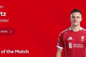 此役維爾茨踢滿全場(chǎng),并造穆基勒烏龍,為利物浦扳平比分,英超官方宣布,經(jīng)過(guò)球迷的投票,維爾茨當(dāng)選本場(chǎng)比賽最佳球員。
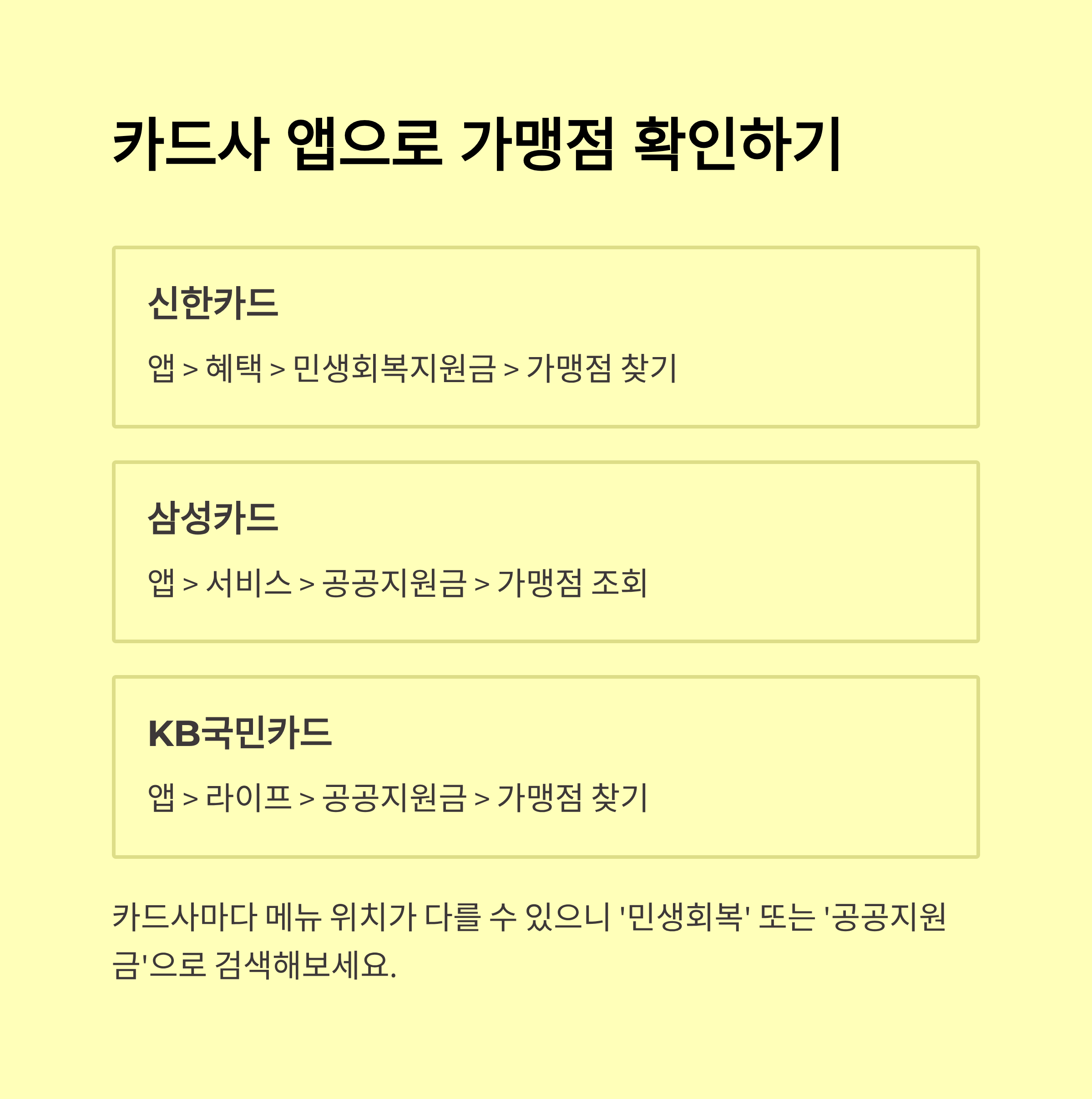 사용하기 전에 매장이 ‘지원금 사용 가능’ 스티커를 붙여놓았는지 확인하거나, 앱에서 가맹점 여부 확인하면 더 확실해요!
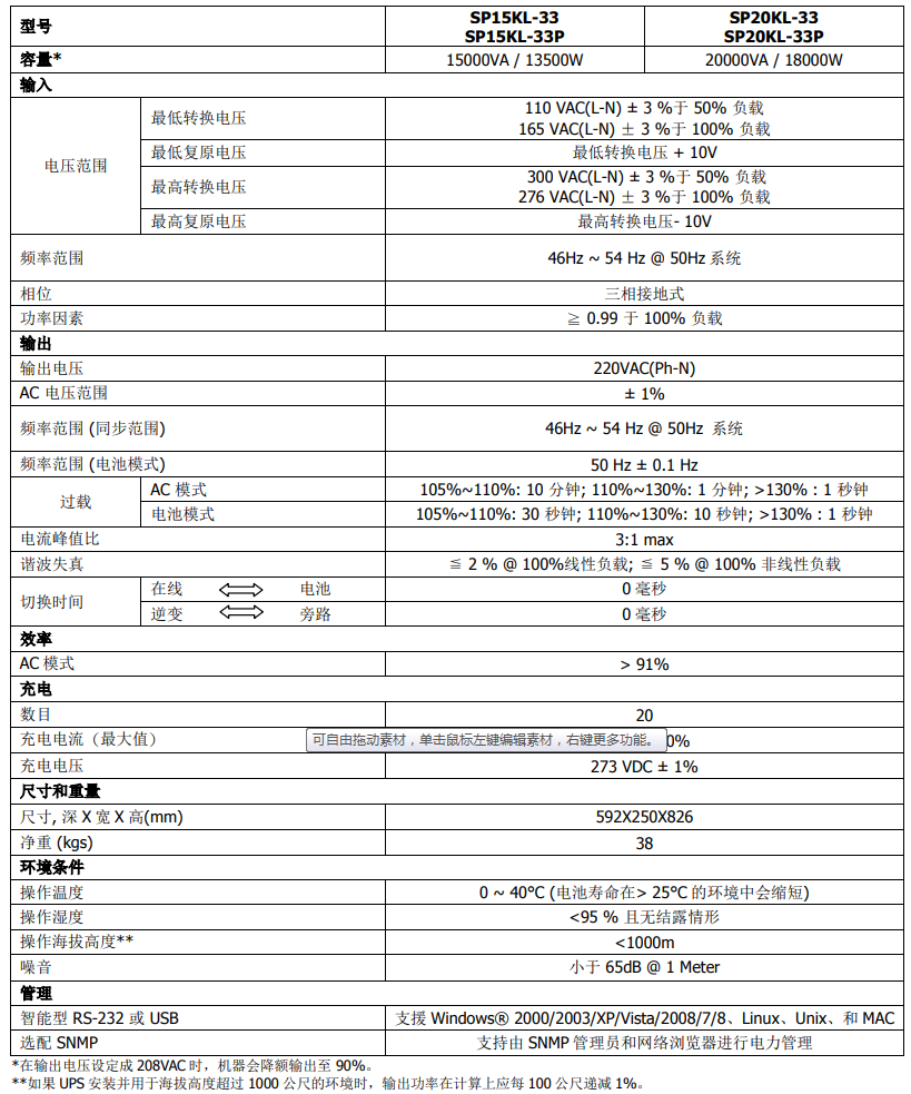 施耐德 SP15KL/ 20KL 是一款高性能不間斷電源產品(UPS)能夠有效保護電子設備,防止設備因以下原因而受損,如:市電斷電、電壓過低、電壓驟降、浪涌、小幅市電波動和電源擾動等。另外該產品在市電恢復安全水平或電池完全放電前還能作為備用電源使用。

------------

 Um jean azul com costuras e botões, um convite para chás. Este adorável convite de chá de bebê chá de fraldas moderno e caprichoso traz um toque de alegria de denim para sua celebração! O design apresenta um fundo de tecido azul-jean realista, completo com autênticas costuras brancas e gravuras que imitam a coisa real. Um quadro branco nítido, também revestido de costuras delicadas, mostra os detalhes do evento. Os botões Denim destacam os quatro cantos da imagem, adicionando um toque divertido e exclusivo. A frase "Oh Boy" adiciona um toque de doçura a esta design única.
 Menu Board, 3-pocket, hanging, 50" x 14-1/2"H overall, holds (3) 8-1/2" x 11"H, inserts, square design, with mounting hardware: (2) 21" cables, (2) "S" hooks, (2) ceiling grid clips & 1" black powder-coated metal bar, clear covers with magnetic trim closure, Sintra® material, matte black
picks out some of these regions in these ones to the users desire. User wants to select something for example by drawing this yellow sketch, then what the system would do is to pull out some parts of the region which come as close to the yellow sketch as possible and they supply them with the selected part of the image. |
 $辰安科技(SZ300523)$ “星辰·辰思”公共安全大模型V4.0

------------

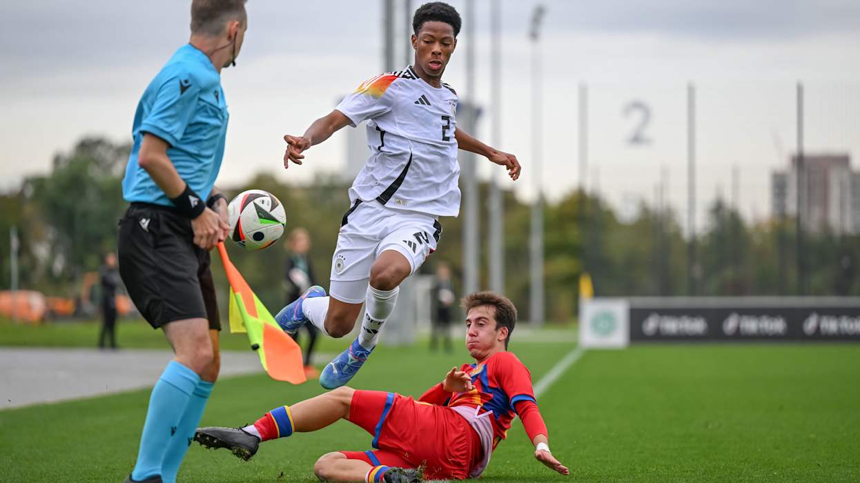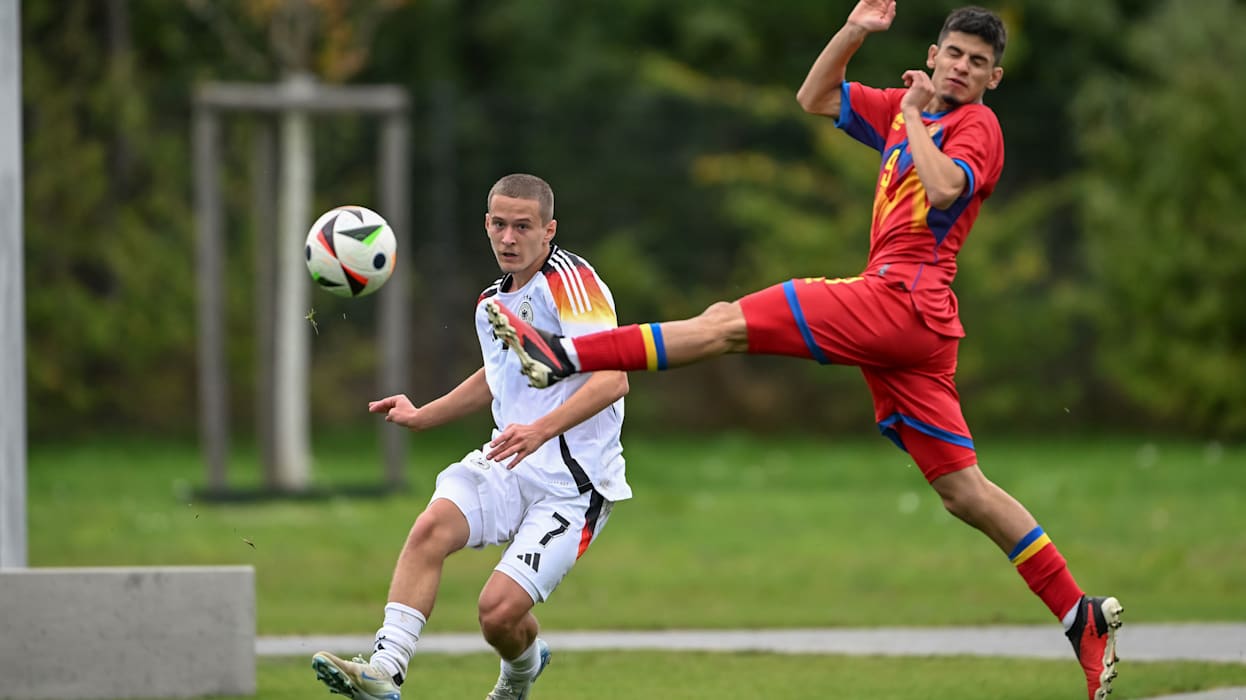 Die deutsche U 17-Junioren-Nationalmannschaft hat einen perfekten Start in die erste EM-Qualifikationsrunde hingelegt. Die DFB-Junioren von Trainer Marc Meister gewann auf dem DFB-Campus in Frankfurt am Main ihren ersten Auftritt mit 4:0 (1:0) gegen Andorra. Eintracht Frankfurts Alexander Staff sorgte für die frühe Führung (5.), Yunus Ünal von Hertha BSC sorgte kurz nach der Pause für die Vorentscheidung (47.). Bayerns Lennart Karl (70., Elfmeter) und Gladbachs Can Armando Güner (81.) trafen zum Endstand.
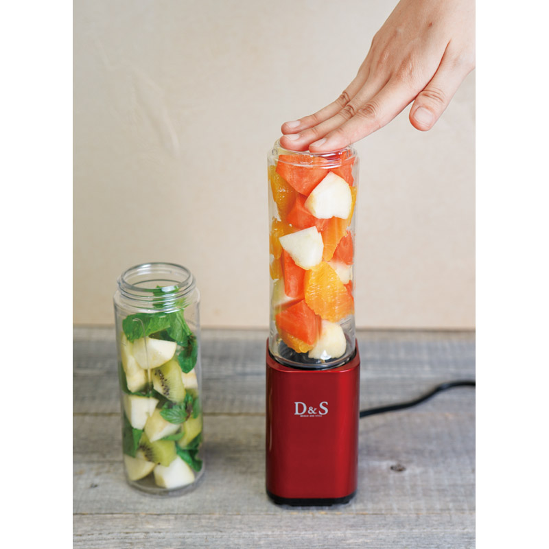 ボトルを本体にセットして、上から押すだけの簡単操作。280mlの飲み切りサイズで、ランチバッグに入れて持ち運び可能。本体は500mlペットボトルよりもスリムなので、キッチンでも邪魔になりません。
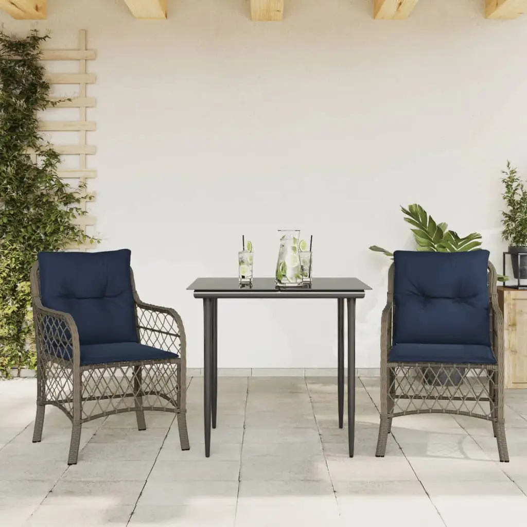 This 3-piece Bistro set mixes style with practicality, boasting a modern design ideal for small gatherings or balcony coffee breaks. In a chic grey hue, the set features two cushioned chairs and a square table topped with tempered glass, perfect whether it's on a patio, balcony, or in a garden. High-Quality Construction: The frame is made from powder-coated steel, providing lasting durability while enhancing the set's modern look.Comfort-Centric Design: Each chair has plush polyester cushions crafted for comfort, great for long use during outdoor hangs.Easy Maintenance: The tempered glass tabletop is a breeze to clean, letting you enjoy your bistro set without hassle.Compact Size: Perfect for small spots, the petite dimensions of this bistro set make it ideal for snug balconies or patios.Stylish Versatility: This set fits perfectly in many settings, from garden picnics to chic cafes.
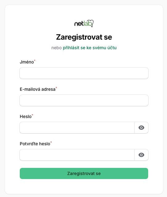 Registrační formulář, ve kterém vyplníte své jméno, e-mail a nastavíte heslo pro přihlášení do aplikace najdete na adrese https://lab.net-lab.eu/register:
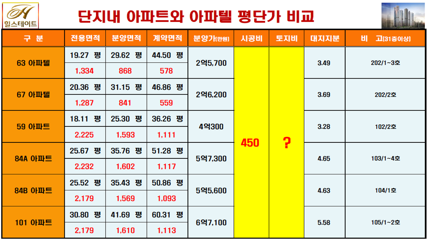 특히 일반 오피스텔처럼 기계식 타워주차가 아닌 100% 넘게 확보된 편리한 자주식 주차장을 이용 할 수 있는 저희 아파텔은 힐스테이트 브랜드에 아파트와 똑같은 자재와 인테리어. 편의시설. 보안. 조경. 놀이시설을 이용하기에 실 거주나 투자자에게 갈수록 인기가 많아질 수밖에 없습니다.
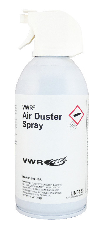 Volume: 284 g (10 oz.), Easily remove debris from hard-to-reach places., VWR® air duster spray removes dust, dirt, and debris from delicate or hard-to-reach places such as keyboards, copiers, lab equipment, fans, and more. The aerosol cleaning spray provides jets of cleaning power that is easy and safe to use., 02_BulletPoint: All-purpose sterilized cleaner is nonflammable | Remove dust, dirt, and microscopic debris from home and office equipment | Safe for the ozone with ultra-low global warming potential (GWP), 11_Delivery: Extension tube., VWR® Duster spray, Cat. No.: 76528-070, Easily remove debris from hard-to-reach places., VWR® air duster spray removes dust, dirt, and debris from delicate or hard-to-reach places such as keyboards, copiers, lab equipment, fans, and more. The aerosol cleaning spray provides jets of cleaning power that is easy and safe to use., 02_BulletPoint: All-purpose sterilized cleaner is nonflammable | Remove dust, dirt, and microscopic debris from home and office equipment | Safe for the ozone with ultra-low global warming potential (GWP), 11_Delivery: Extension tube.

------------

## ACTION ITEM
Pictures in the entries do not go into the copy. Print only the lines starting at the one containing "사용하기 전에 매장이" and ending at the one containing "施耐德 SP15KL/ 20KL", exactly as they appear.

## EXERCISE OUTPUT
 사용하기 전에 매장이 ‘지원금 사용 가능’ 스티커를 붙여놓았는지 확인하거나, 앱에서 가맹점 여부 확인하면 더 확실해요!
 施耐德 SP15KL/ 20KL 是一款高性能不間斷電源產品(UPS)能夠有效保護電子設備,防止設備因以下原因而受損,如:市電斷電、電壓過低、電壓驟降、浪涌、小幅市電波動和電源擾動等。另外該產品在市電恢復安全水平或電池完全放電前還能作為備用電源使用。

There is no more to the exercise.